Lines from the one containing "ALTから地図をみて、英語で" through the end of the listing are what is wanted, given again exactly with both ends included and pictures left out.

● ● ● ● ●

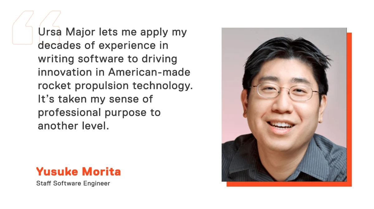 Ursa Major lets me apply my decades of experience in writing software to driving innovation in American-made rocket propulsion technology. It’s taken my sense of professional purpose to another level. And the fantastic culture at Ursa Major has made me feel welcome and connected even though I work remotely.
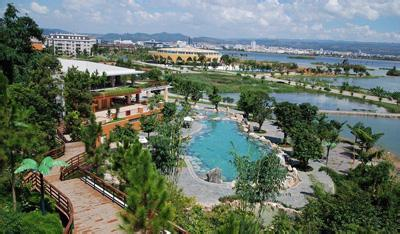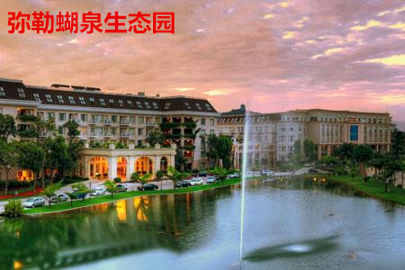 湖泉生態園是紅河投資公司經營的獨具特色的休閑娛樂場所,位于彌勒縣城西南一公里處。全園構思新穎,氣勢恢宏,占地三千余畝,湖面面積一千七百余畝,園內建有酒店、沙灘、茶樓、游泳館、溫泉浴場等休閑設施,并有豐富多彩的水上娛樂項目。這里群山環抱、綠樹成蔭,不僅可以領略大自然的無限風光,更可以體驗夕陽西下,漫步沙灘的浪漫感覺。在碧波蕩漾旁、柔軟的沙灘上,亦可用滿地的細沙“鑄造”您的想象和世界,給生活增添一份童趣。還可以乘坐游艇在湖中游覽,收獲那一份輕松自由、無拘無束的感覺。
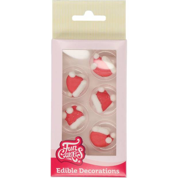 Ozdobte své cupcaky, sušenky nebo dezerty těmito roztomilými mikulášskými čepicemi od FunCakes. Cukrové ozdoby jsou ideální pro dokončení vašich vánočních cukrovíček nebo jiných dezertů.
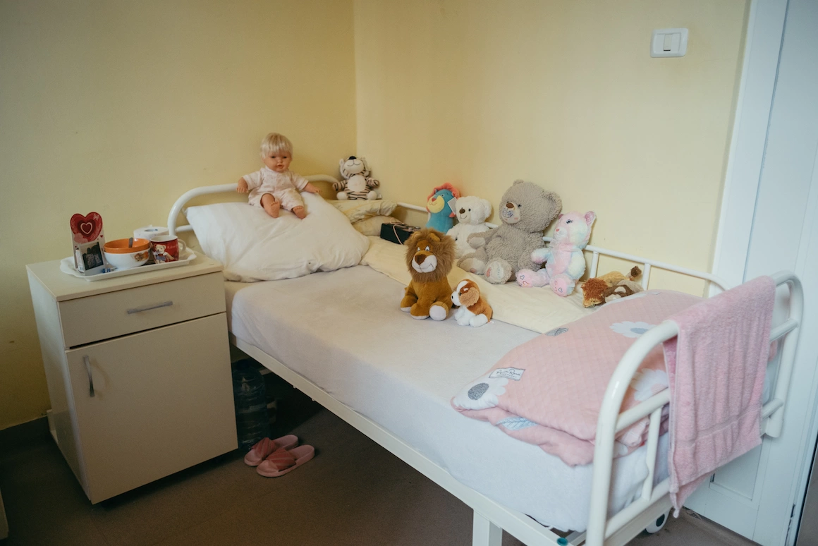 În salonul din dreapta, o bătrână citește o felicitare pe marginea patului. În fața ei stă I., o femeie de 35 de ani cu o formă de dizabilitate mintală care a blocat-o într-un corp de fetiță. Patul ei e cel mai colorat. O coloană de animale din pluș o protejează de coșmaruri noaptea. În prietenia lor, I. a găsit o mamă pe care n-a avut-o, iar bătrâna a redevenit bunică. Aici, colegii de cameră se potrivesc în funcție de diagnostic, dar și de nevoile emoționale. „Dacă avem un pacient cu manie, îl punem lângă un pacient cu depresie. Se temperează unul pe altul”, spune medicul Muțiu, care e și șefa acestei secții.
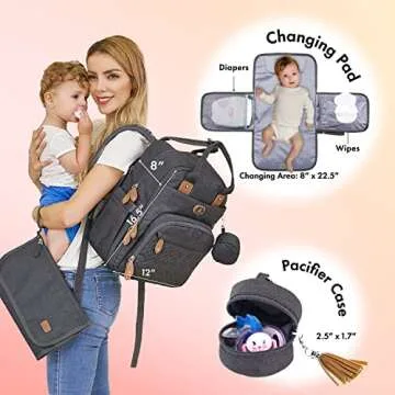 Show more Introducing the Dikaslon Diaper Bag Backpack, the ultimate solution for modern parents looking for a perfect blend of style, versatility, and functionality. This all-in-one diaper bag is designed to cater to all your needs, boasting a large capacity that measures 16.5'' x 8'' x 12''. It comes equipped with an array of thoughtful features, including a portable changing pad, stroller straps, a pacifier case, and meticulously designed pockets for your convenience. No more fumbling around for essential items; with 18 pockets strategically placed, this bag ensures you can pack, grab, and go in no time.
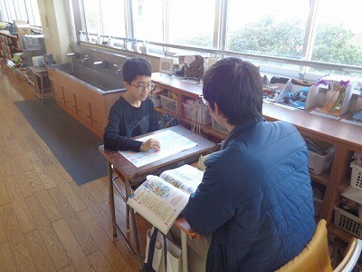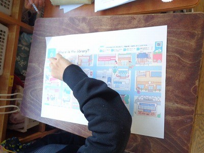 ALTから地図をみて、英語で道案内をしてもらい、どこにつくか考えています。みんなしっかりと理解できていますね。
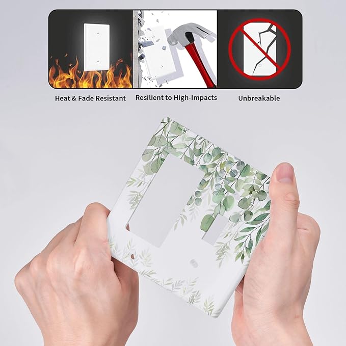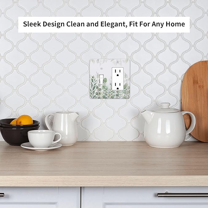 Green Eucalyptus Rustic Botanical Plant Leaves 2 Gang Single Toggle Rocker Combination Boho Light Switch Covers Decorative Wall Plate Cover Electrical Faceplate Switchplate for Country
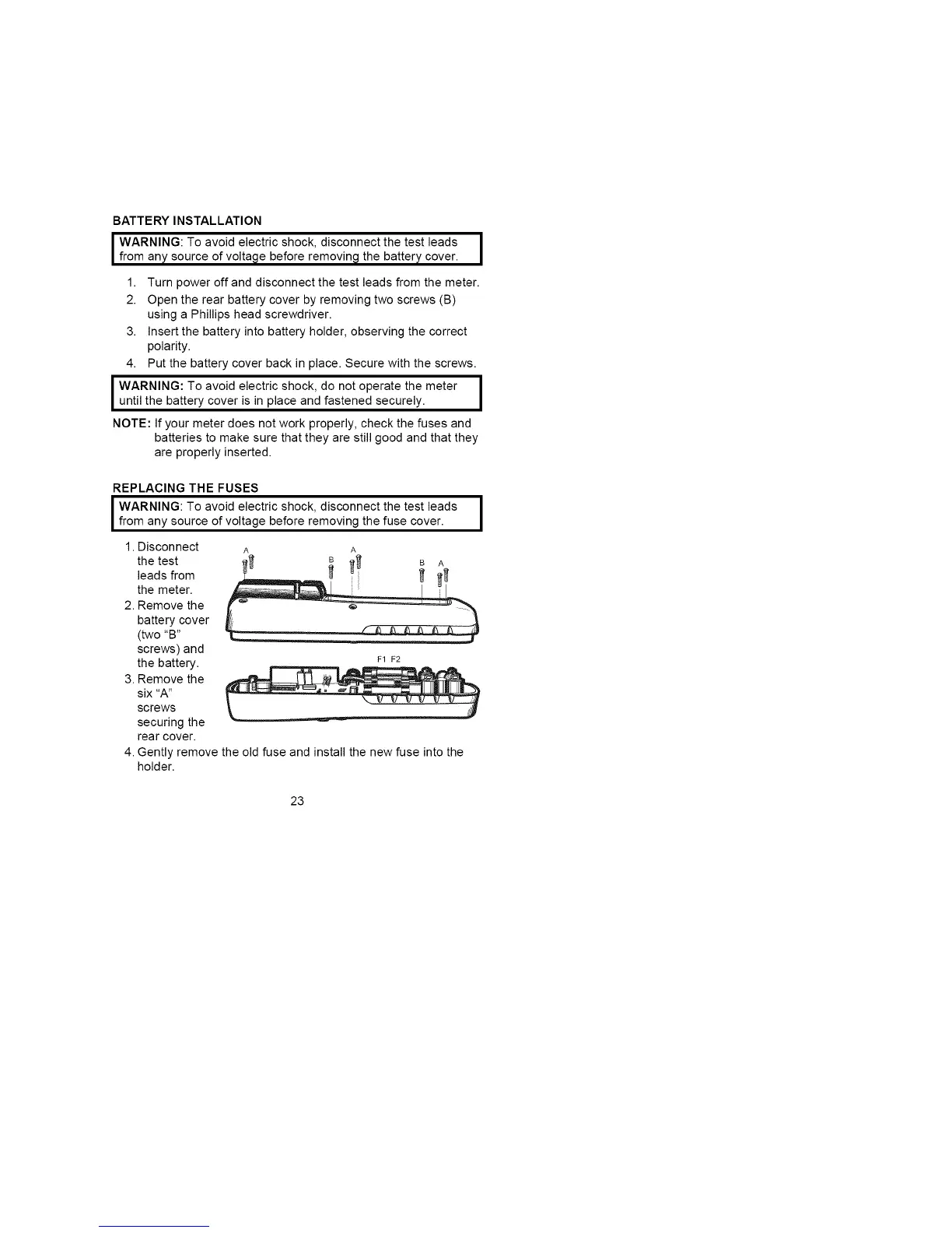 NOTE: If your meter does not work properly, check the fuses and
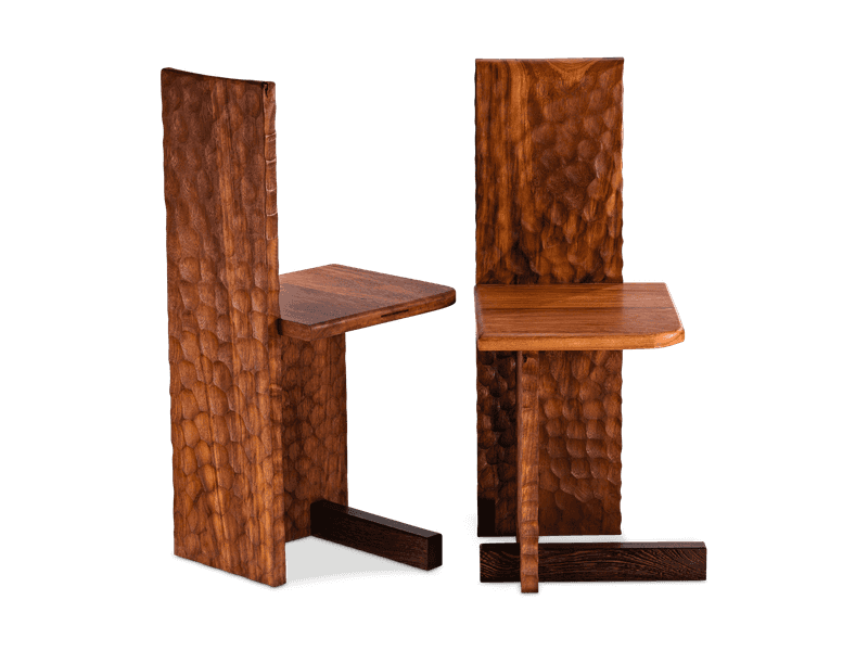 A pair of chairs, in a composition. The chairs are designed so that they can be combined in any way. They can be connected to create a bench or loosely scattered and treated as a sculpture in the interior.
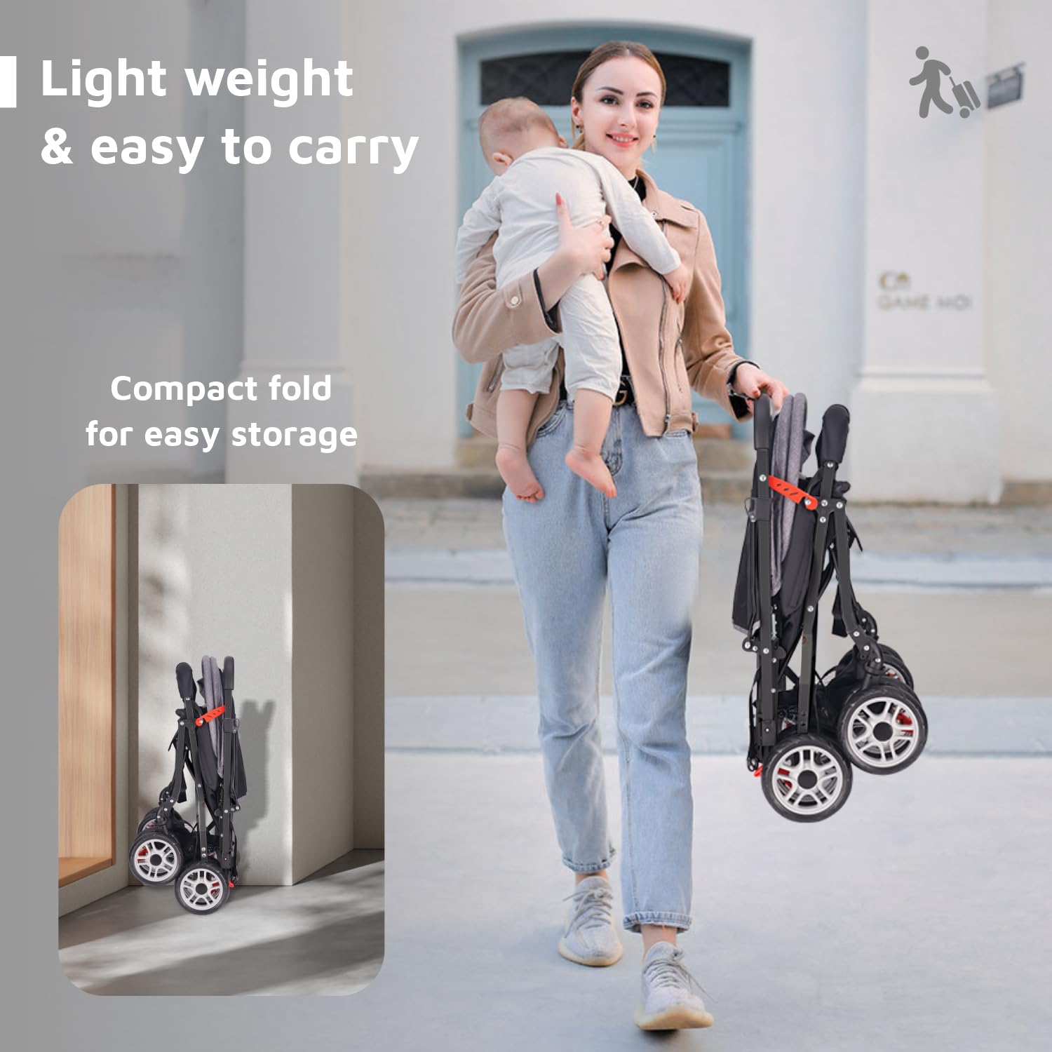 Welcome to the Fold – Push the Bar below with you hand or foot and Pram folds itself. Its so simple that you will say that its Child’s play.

● ● ● ● ●

### RESPONSE
 ALTから地図をみて、英語で道案内をしてもらい、どこにつくか考えています。みんなしっかりと理解できていますね。
 Green Eucalyptus Rustic Botanical Plant Leaves 2 Gang Single Toggle Rocker Combination Boho Light Switch Covers Decorative Wall Plate Cover Electrical Faceplate Switchplate for Country
 NOTE: If your meter does not work properly, check the fuses and
 A pair of chairs, in a composition. The chairs are designed so that they can be combined in any way. They can be connected to create a bench or loosely scattered and treated as a sculpture in the interior.
 Welcome to the Fold – Push the Bar below with you hand or foot and Pram folds itself. Its so simple that you will say that its Child’s play.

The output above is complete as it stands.